With the description of my last relationship, you may wonder, “why did it end if it were so beautiful?” Truthfully, I wish it had never come to an end. I wish we were still together and I could have married her. But I have come to realize, the hard way indeed, that love is not everything. That love does not hold all the answers. That love is incredibly irrational and can blind you. The odds were against us. There was the distance. There was the age difference. There were our respective situations. There were several factors that made it incredibly difficult. And while I would have tried in other circumstances, I realized it did not make sense, and it may never make sense.

I also came to realize, both from reading and personal experience, that there is no such thing as The One. There are many Ones, and The One is the person we decide it to be.

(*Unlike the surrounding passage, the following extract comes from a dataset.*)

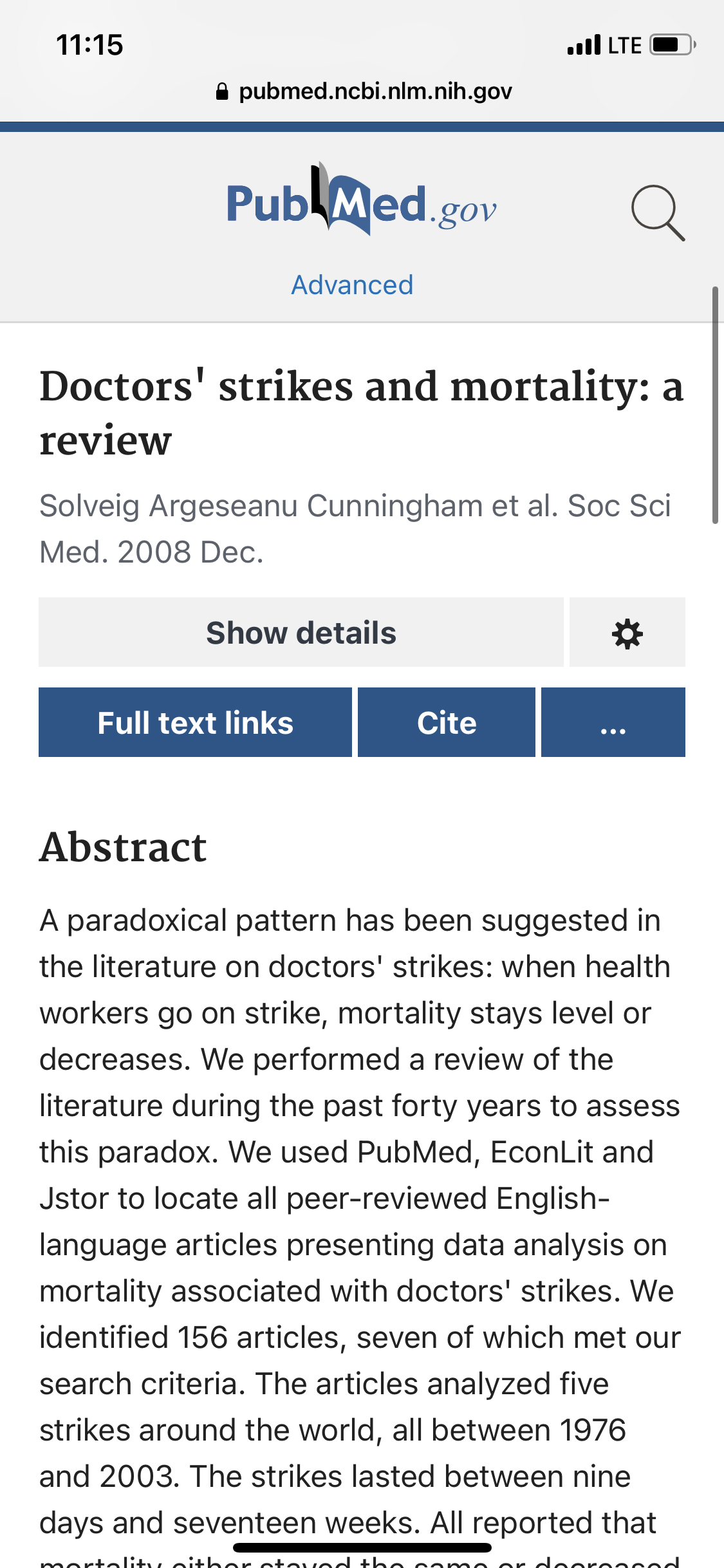 Amalia_Ca писал(а): Насколько смертоносна медицина, становится очевидным, когда происходят забастовки врачей. Когда в 1976 году в столице Колумпбии, Боготе, все врачи, за исключением врачей скорой помощи, исчезли со своих рабочих мест на 52 дня, уровень смертности упал на 35 процентов. Представитель Национальной ассоциации похоронных бюро заявил: «Это может быть совпадением, но это факт».

This perhaps sounds unromantic, but it’s a healthier love philosophy than the alternative scarcity mindset: that there is only one person for us, which forces us to settle for suboptimal relationships. The good news: When I find “The One” and marry her, that will be not only because I love her as I have never loved anyone else before, but also because we know that together we can build a future that makes sense. And there is a silver lining in the sky; most women I have dated in the past I felt could be “The One.”

Meanwhile, I keep my mind and heart open. And I realize that, unlike what I’ve experienced in the past, true love will come, but perhaps not in the way I think, and that it will take time to grow—as good things generally do. I will meet someone, and over time true love will come. I don’t know how much time is needed and how much growing up I need to do. But I know that the day I do, I will look back at these early years with a smile, thinking about how much I’ve learned and how far I’ve come.

So what is my theory of love? That love is seeing another person for who they are, without question, without judgment. That love is the absence of a need to understand. That it is acceptance of another person’s flaws-not because we accept to live with them as in some sort of compromise, but rather because we see them more as cute idiosyncrasies than as flaws. That love is perceived perfection. That we can love indiscriminately so long as we open our hearts. That we can learn to better love our friends, family members, and neighbors. That we can find true love in relationships, in our families, and in our friendships.

That we can find true love everywhere if we try.